No, it was free for life for a year. Then they changed business model. I only use it as an address, it forwards email to me. Maybe it's expensive, I don't know, it morphed web mail service now but I don't use that part of it. But if I change it I have to change the email address that's trivial to remember and that everyone has known about for a very long time. So I'm paying for the convenience essentially.
(quick check showed that similar services at a similar price, but some free ones out there that seem somewhat fly-by-night)
Really? Many textbooks are used by professors at universities and supported quite heavily.
True, but that support is free and aimed at the professor so that they will choose a particular book. This is part of the reason why textbook costs have managed to spiral out of control: those making the decision about which book to use do not pay the financial cost. It is only in recent years that the costs have got so large that us profs have finally started to notice and will quiz the publishers about the cost. However we often find that the cost differences are so small that it makes little difference which text we go with.

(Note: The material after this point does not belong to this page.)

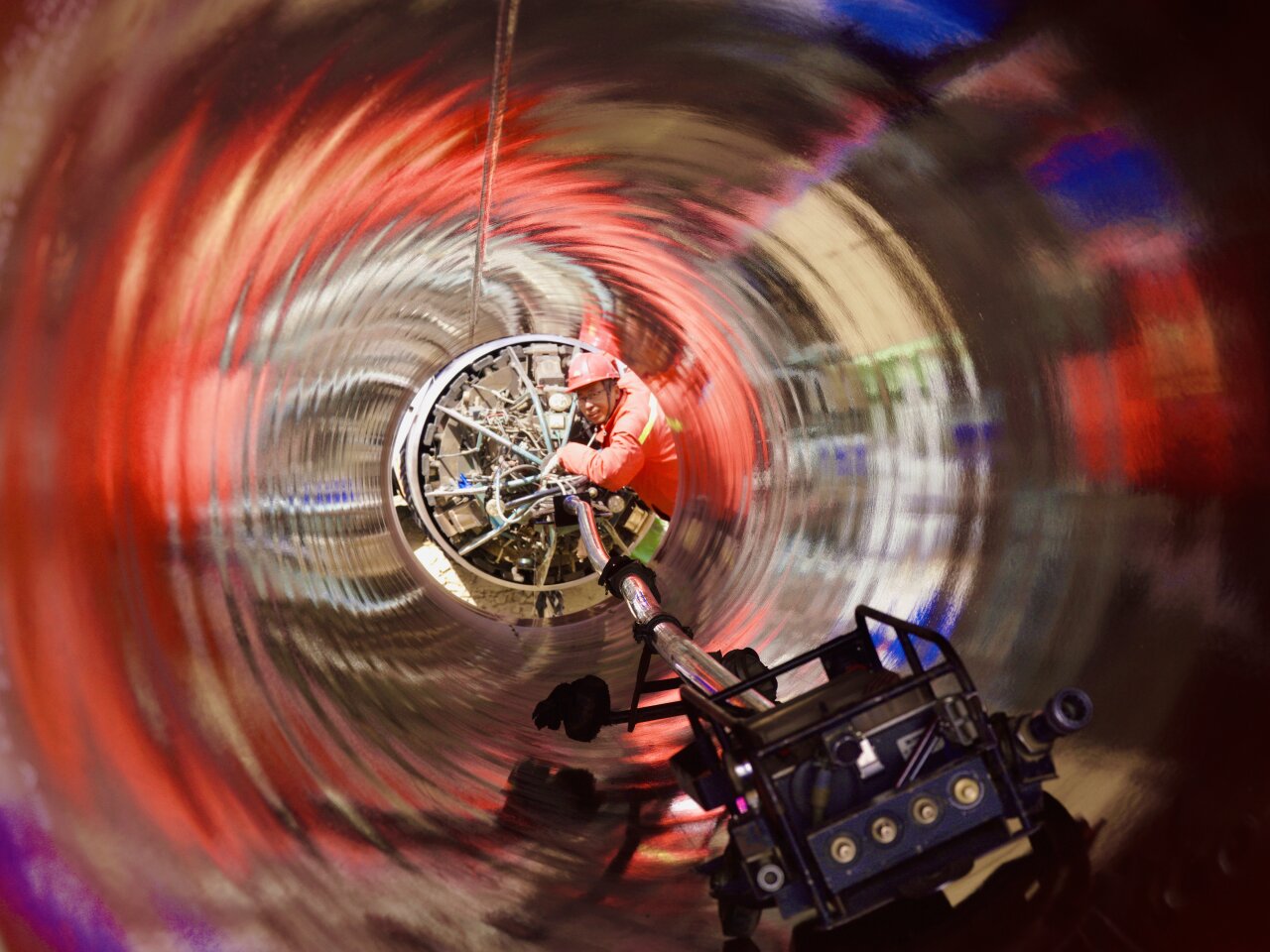工人在中国石油工程建设有限公司中油(新疆)工程油建分公司承建的西气东输四线管道工程二标段进行管线对口作业(2023年4月3日摄)。 崔文娟摄

The success of Jonathan Coulton proves that "free" is a viable business model (provided your product does not suck).
The motto is "Don't be evil," not "do no evil," and anyway neither of them implies "do some good."
Public universities have it in their best interests to present their tuition programs as reasonably-priced. In Texas there's a legal requirement for it. They can be an easy solution to this: Have universities fund or actually contribute to textbook creation, then provide them digital-only. Since they're free (already-paid-for) there's no need for DRM and so any PDF/Docbook capable device the student has is acceptable.

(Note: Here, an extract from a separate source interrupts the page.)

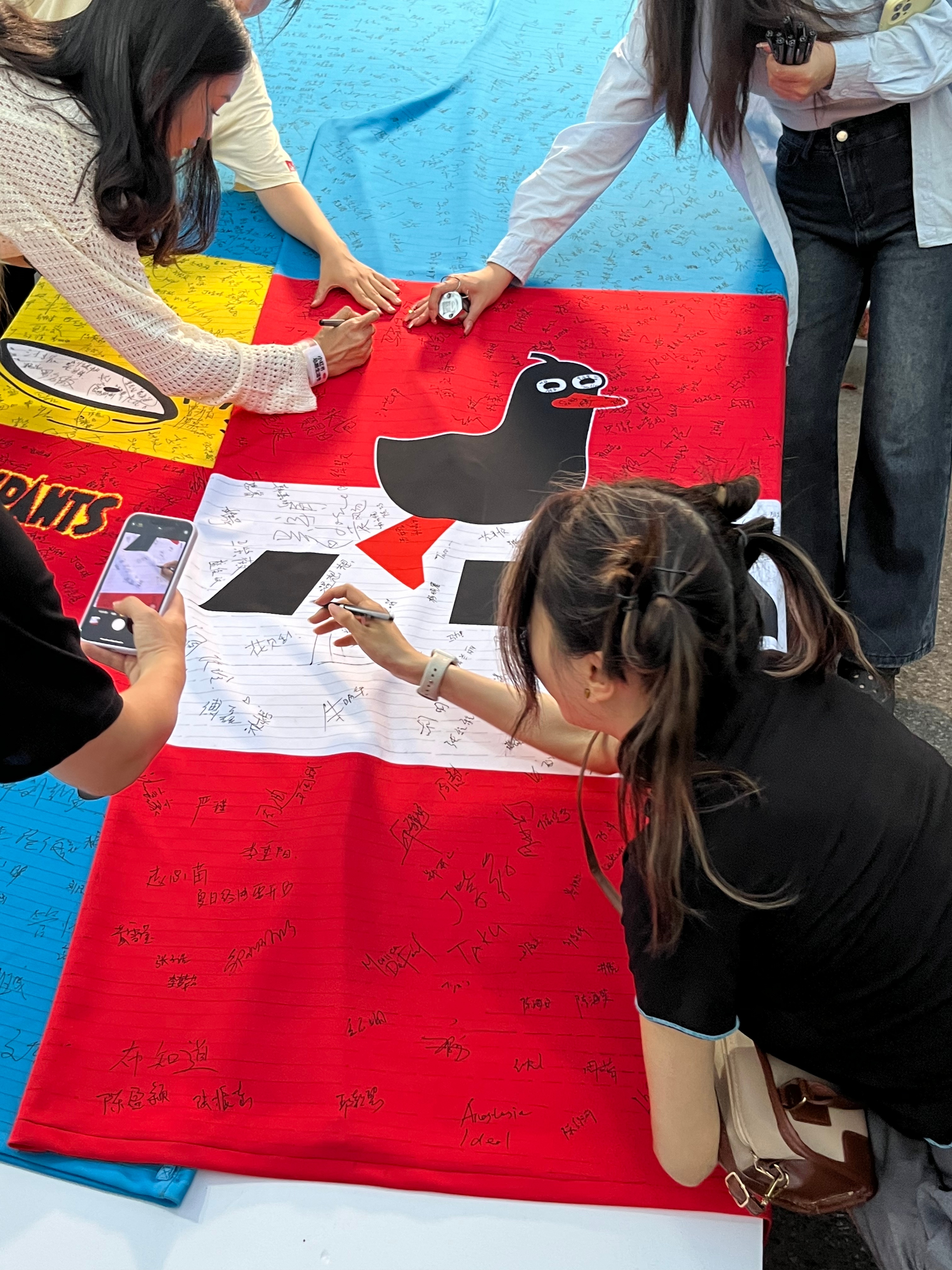 新裤子的粉丝这脑洞是无穷无尽是吗,昨天落日音乐会粉丝做了一条三米长巨型大裤子!水灵灵举着看演唱会顺便破了吉尼斯记录,新裤子还嘎嘎乐参与签名,救命啊,好怕台上唱着唱着笑出声!

For a free book. They need to seek the right commissioner.
There are hundreds of free college textbooks out there on the web -- see my sig for a catalog.
There are basically two models that have been proved to work. (1) Do it yourself. (2) Set up nonprofit online collaborations so people can cooperate on producing high-quality free books.
#1 is actually the most successful model by far. Just do it. Bite the bullet. Write the damn book and put it online for free. Here are some very high quality examples of DIY textbook projects: Hefferon, Linear Algebra, Carroll, Lecture Notes on General Relativity, Petkovsek et al., A=B.
The best example of an organization doing #2 is the Connexions project, which is run by Rice University. Other examples are Curriki and CK-12. These folks all use permissive licenses such as CC-BY, which encourages people to cooperate and view their work as contributing to a commons.
I first heard about Flat World Knowledge in 2008. What was never clear to me was what they were bringing to the table that was worthwhile or interesting. I doubt that they can afford to provide any of the services a traditional publisher would provide, such as professional copyediting or professional illustrations. Flat World Knowledge uses CC-BY-NC licensing, which is not free. That means that their authors know they're not contributing to a commons. At most they may hope to make some insignificant amount of money. What's the point?
Find free books.
And for less than USD24.00 per year you could have your own domain with the ability to update your own DNS records while running your own mail server and web server on your own server in your house. When the domain registrar essentially provides just DNS for your domain(s) you retain control over your data and the content of your website.
I have a personal email address and mailbox hosted by a non-profit ISP which I donate CAD12.00 each year (CAD24.00 if I decide to keep the email on their IMAP server rather than download it to my computer). The personalized head (my_name@isp_domain.tld) of the email address but using their domain name is free; the address is short and easy to remember.
Cool! Generate a customer base with freebies, then change your business model to a paid format after thousands have already opted in! Bait and Switch anyone?